Однако путь к сердцу мужчины лежит через желудок. Почему и женщине не полюбить ушами?!
Пузик, казавшийся худеньким, невысоким, был жилистым и ловким, из первых — заводила, любимец преподавательницы. Физзал — царство. Всё же на владения покушались. Покушалась никто иная, как девчонка. Не простая девчонка, а та… которая. Маша нравилась не только ему, но именно между ними на физре шло молчаливое соревнование: она возьмёт высоту, Ванюшка обязательно перебьёт, прыгнет на сантиметр выше; он пробежит с лучшим временем, она догонит, — на десятую секунды раньше. Уступали, потом из кожи лезли, чтобы опередить.
Вот ведь. Опять морочит седеющую голову: “Ты прекрасна. Ты бутон из райского сада. Отрада души моей. Я недостоин тебя. Я надеюсь втайне. Я изливаю мольбы, стремясь к глубинам твоего нежного сердца, жажду найти в нём приют и… Адекватность. — Тьфу, тьфу, тьфу! Я тебя люблю — куда не шло. Но адекватность. Тьфу. “О, донна Роза, я старый солдат и не знаю слов...”
Урок проходил вяло. Ребята не старались.
За десять минут до звонка им разрешили поиграть в баскетбол. Мальчишки сразу сбились в две команды, а девчонки остались сидеть на скамье. Пузик побежал в кладовую.
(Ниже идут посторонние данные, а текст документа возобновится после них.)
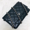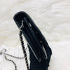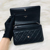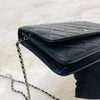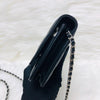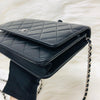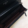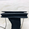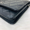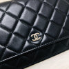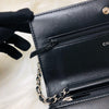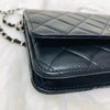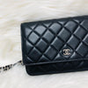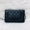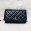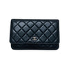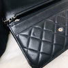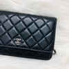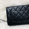 The Chanel Quilted Wallet on Chain is the perfect complement to your outfit. It is crafted of luxuriously soft diamond quilted lambskin leather in black and features a full silver metal hardware plate with the Chanel logo, a leather-threaded silver chain-link shoulder strap, and a facing flap with a silver Chanel CC detailing.

Болельщики с игроками галдели.
Он выбрал мяч, хотел выйти в зал; случайно среди общего гвалта услышал Машин голос: “Пузырёв в какой команде? Я буду болеть за них!” У Ванюшки ёкнуло в груди, по телу пробежал холодок: “Будет болеть за нас. За нас?” — Вышел и бросил мяч учительнице.
Раздался свисток. В зале завизжали, заулюлюкали.
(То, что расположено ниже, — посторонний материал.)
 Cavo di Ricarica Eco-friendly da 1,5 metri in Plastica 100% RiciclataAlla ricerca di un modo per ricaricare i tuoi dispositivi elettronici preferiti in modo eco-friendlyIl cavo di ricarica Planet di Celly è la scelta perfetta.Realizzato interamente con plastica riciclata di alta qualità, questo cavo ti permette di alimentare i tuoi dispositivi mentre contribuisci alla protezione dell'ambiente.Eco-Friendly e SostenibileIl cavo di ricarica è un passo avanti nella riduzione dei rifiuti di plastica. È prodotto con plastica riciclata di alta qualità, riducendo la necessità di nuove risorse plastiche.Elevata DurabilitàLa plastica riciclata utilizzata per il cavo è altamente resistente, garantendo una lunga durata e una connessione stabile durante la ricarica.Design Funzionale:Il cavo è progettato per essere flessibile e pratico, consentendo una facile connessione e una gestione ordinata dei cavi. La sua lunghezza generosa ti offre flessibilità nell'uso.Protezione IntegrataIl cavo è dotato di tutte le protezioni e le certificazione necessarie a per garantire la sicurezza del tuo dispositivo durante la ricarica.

Пузик носился как угорелый. Мяч, полетав от щита к щиту, вскоре прочно обосновался под кольцом команды, за которую Маша сегодня не болела.
“Я старый солдат и не знаю слов любви!” Пару раз в жизни Иван пробовал переломить себя. Были случаи — до сих пор чувствует себя подонком и малодушным телком. Что он мог сделать?! Выдавив три, казалось, самых ожидаемых почти всеми человеческими существами слова, превращался в тупого идиота, — заранее обижался, нелепо раздражался, ожидая какого-то подвоха, издёвки. Потом разворачивался, даже не дослушав: “Я старый солдат", — уже не возвращался.
Матч закончился. В раздевалке спорили, ругались. Команда Пузика выиграла. Ему было хорошо — устало сидел на полу, одеваться не спешил. Подошёл Алёха Кононов. Победитель небрежно поднял взгляд.
— Пузик! Манька в тебя втюрилась!
Крики смолкли. Повисла пауза.
Ванюшка хмыкнул носом — захотелось треснуть Кононова в лоб. Процедил сквозь зубы:
— Трепло.
Окружающие оглянулись на Лёху, на Пузика. Выжидательно молчали.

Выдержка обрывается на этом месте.